** Opening MATERIALS PROVIDED block **
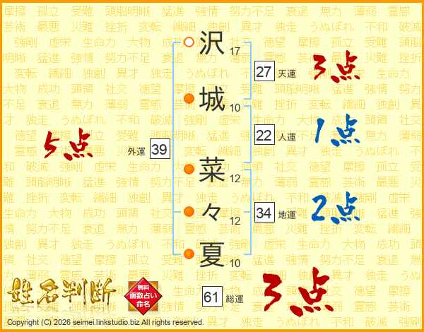 沢(17画)城(10画) 菜(12画)々(12画)夏(10画)
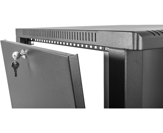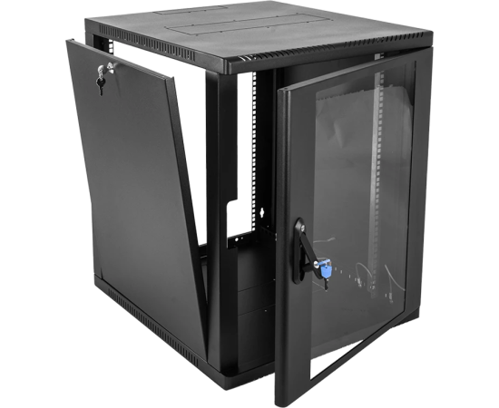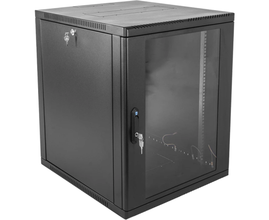 Шкаф коммутационный ЦМО ШРН-12.650-9005 настенный 12U 600x658мм пер.дв.стекл 200кг черный 600мм 25.11кг 180град. 612мм металл
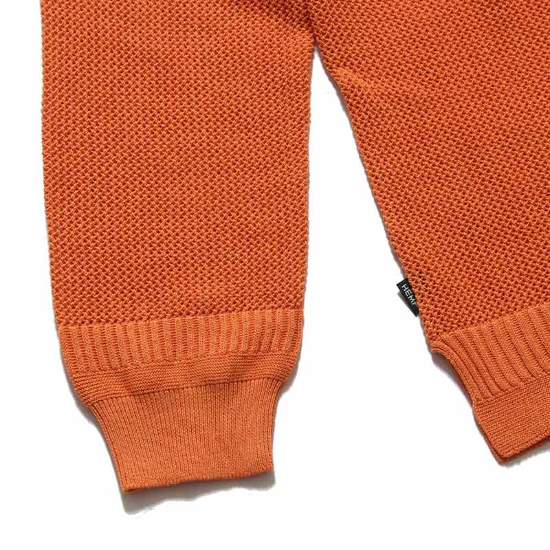一色で単調にならない様に、袖口、アームホール、裾部分それぞれに編地の切り替えが施されています。
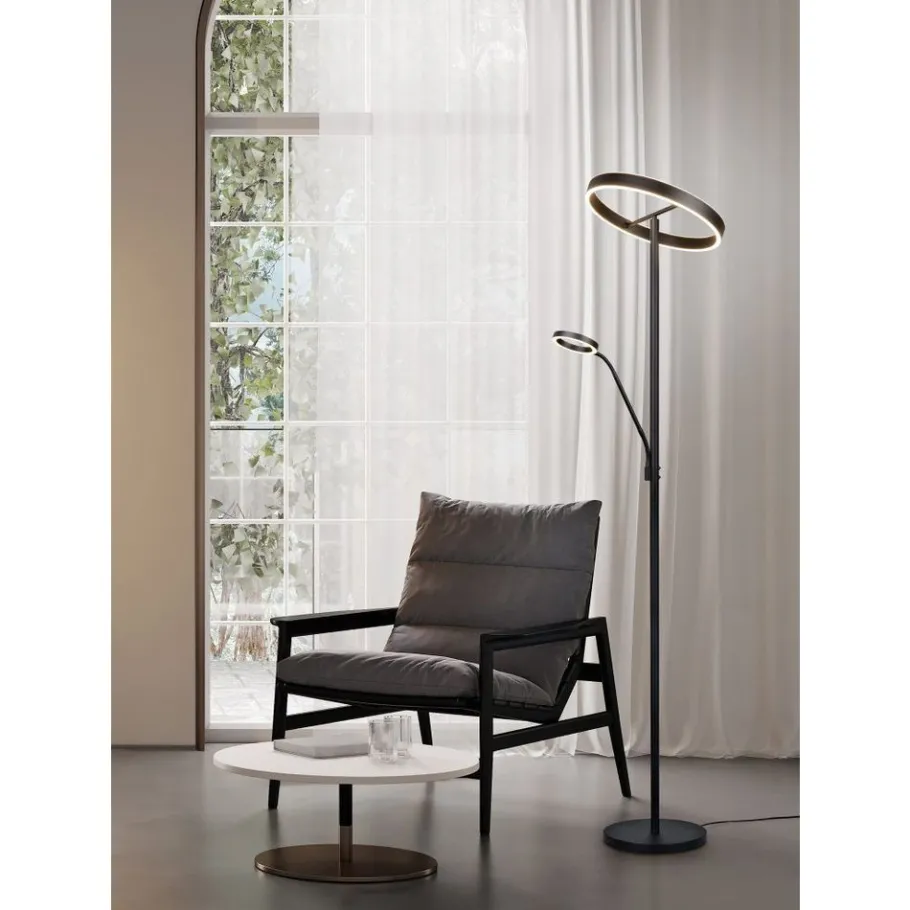 De WILLIS vloerlamp maakt indruk met zijn elegante ontwerp en verfijnde functionaliteit. De ringvormige lampkop en de flexibele leesarm bieden een breed scala aan verlichtingsopties die kunnen worden aangepast aan individuele behoeften. Beide lichtbronnen kunnen apart worden geschakeld, terwijl de lichtkleur en helderheid individueel kunnen worden aangepast. Dit maakt precieze controle over de verlichting mogelijk, of het nu voor gezellige avonden op de bank is of als discrete achtergrondverlichting. De moderne look in mat zwart geeft de lamp een tijdloze uitstraling die moeiteloos past in verschillende interieurstijlen. De armatuur is ook voorzien van moderne LED-technologie, die wordt gekenmerkt door een hoge lichtkwaliteit en energie-efficiëntie. Vergeleken met conventionele halogeenlichtbronnen kan tot 80% op de energiekosten worden bespaard. LED lichtbronnen hebben ook een lange levensduur, produceren minder warmte en beschermen het milieu.
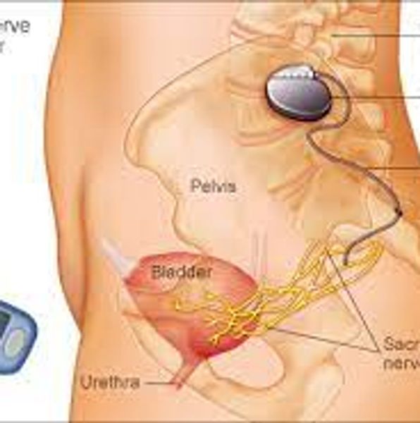 The Interstim system restores bladder function by stimulating the sacral nerves. It involves placement of a small lead to the nerves in the sacrum that control the bladder. This is connected to an MRI safe battery device placed under the skin which can be controlled with an external device to retrain the bladder-brain communication pathways.
** Closing MATERIALS PROVIDED block **
WHAT IS REQUIRED –
Every line from the start of the material through the line containing "一色で単調にならない様に、袖" is needed exactly as written; the pictures are not.

REPLY –
 沢(17画)城(10画) 菜(12画)々(12画)夏(10画)
 Шкаф коммутационный ЦМО ШРН-12.650-9005 настенный 12U 600x658мм пер.дв.стекл 200кг черный 600мм 25.11кг 180град. 612мм металл
一色で単調にならない様に、袖口、アームホール、裾部分それぞれに編地の切り替えが施されています。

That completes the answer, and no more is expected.